Are You charging Enough for Your Talents?

September 30, 2014

 

Time is the one thing we never seem to have enough of, and you can't ever make more. So based on the laws of supply and demand, your time is extremely valuable. How you charge for your time depends on a few important things.

 

 

First things first, do your research and find out what the going rate is in your area. Don't forget to find out how long your competition has been in business and what type of design they specialize in? Do they charge hourly or by project? Are you really comparing apples to apples?

 

Secondly, what is your specialty? Are you a re-designer, someone who rearranges the furniture your client already has? Would you like to design a plan for someone's room and let them do all of the leg work, like suggesting paint colors and floor plans? These are consultation-based design services and I would recommend charging a slightly higher hourly rate or a flat fee based on the room size, or square footage.

 

The trick here is having a well thought out plan based on your income goals for the year, and then making sure you have a strategy for finding those clients.  As a consultation only designer you are basically working dollars for hours.  That means you have to work enough hours in a week to satisfy your expectations.

 

If you are planning to actually purchase the furniture for your clients and place orders, handle the delivery, and deal with returns, then you are a product driven design consultant.

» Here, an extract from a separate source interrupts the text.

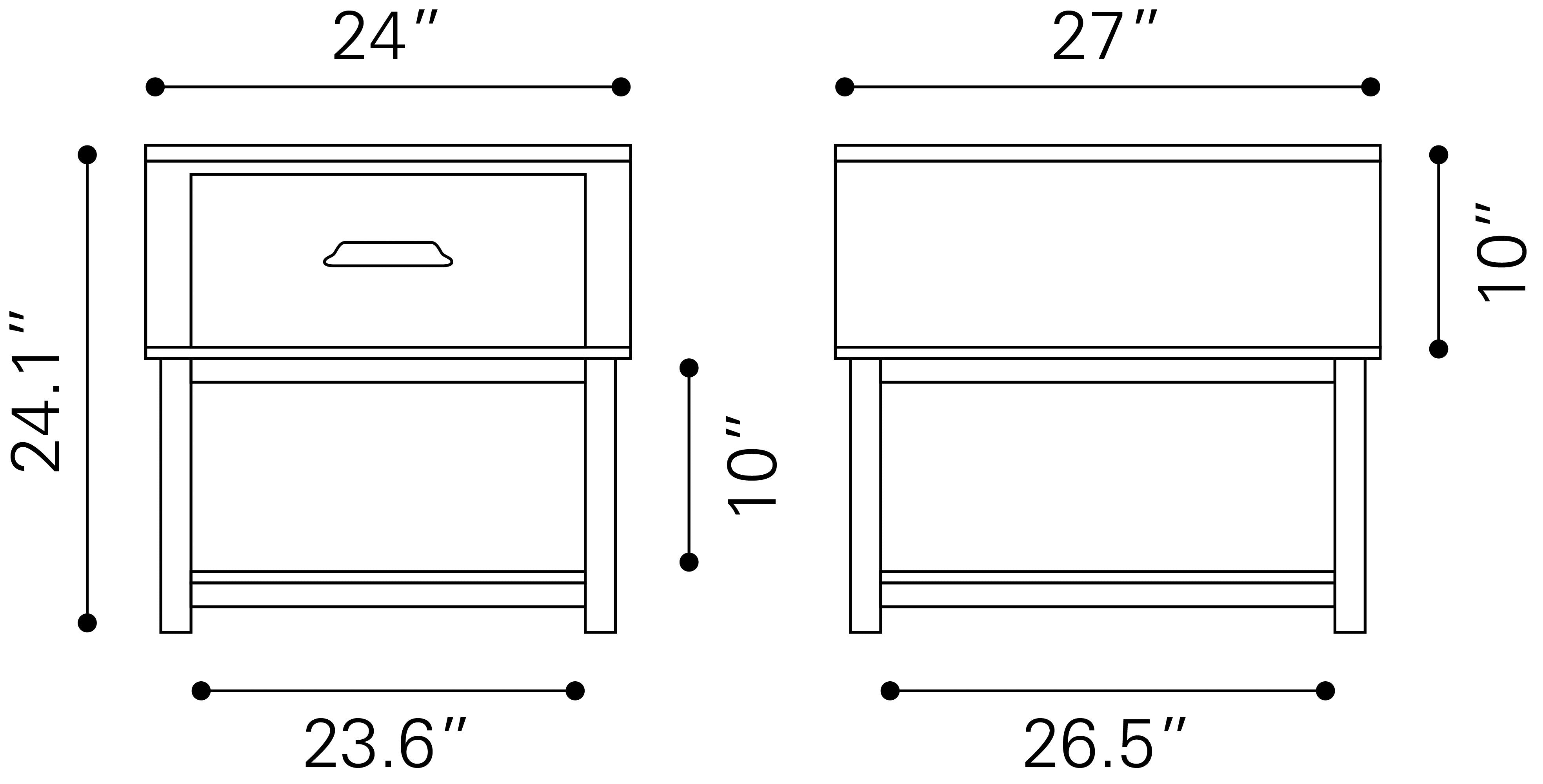 - Bullet List: Assembly required, Square tabletop, Top shelf: 24" W x 27" D, Bottom shelf: 23.6" W x 26.5" D, Support up to 150 lb

You should be charging an hourly fee and a percentage of the products you use in the space. This money can either be a service fee you charge the client, or a designer discount offered by the supplier of the product.

 

There is a lot of extra work involved in tracking special orders, so you must charge for the additional responsibility and liability involved in this type of design. I'm not trying to discourage you from being a product driven designer. It can be extremely profitable. Just be aware that you must be much more organized, and have excellent attention to detail to be successful as this type of designer. (Learn how to overcome these challenges in my Design for a Living Virtual Bootcamp.)

 

Last but not least, how experienced are you? If you're just starting out in this wonderful world of interior design, then giving your clients a discount can be a great way to build up a base clientele. Be sure to let them know that they’re receiving an introductory offer and as your popularity grows, so will your fees. There isn't any one, right way to charge for design time. There's a fine line between underselling yourself, and scaring off potential customers.

It's important to start off with a solid plan for your business.  If you change your tactics at the wrong time, you run the risk of getting a reputation as a wishy-washy, unprofessional designer.  Build your business with a solid foundation and you'll enjoy years of happy clients and healthy pocketbook.